For photolysis to take place, it is necessary to have photocatalysts suspended in water. A photocatalyst is a semiconductor capable of absorbing light and, from there, generating the charges (electrons and holes) that are necessary to dissociate water molecules (H2O) into hydrogen (H2) and oxygen (O2) though oxidation and reduction reactions. Furthermore, the material must be stable in an aqueous environment.

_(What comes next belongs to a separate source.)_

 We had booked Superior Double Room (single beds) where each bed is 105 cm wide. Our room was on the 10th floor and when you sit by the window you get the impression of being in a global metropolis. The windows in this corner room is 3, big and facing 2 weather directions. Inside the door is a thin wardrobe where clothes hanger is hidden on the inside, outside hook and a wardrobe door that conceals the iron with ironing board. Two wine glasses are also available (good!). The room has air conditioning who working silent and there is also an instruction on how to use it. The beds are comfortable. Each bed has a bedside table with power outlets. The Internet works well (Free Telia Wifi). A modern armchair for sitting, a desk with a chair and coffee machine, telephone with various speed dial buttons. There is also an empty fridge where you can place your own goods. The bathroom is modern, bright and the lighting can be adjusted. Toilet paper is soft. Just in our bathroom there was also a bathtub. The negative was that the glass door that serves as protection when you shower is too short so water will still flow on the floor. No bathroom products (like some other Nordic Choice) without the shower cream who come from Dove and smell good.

“Strontium titanate (SrTiO3) is one of the main semiconductor materials applied to photolysis for the production of green hydrogen, as it meets the physicochemical requirements for oxidizing and reducing the water molecule,” says Professor Renato Vitalino Gonçalves (IFSC-USP) , corresponding author of the article that reports this research in ACS Applied Energy Materials. “However, this material has some intrinsic characteristics that limit its photocatalytic potential, such as, for example, its wide bandgap of ~3.2 eV, which restricts its optical absorption to the UV region, which corresponds to only 4% of the solar spectrum”, completes the scientist. Another limitation of this material, common to all semiconductors, is the rapid recombination of electrons and holes, which prevents these charges from flowing freely and promoting oxidation and reduction reactions.

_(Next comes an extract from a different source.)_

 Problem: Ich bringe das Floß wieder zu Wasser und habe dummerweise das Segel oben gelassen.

Thus, the Brazilian team, led by Professor Gonçalves, decided to modify strontium titanate to increase its efficiency in photolysis. Initially, the researchers doped the semiconductor with the transition metal molybdenum (Mo) and obtained disaggregated cubic particles with well-defined faces. The unconventional dopant was responsible for making the material capable of absorbing light in the visible region, which represents around 43% of the solar spectrum.
In a second moment, the authors of the work deposited nickel nanoparticles of around 2 nm on the surface of the particles. The result was a junction of two types of semiconductors: Mo:SrTiO3, n-type, and NiO@Ni(OH)2, p-type. “In this new configuration, the photogenerated holes are directed to the NiO@Ni(OH)2 structure, while the electrons migrate to the Mo:SrTiO3 surface, resulting in better charge separation and, consequently, a reduction in the recombination rate of electrons and holes”, explains Gonçalves.
The photocatalysts were placed in suspension in an aqueous solution with 20% methanol as a sacrificial agent – a widely used strategy to increase hydrogen production and also generate high-value by-products for the chemical industry. “When mixed with water, which oxidation is slow, this alcohol is preferentially oxidized”, says Professor Gonçalves. “Even though, the H2 is produced from the reduction of the water molecule and not as a by-product of methanol oxidation”, he adds.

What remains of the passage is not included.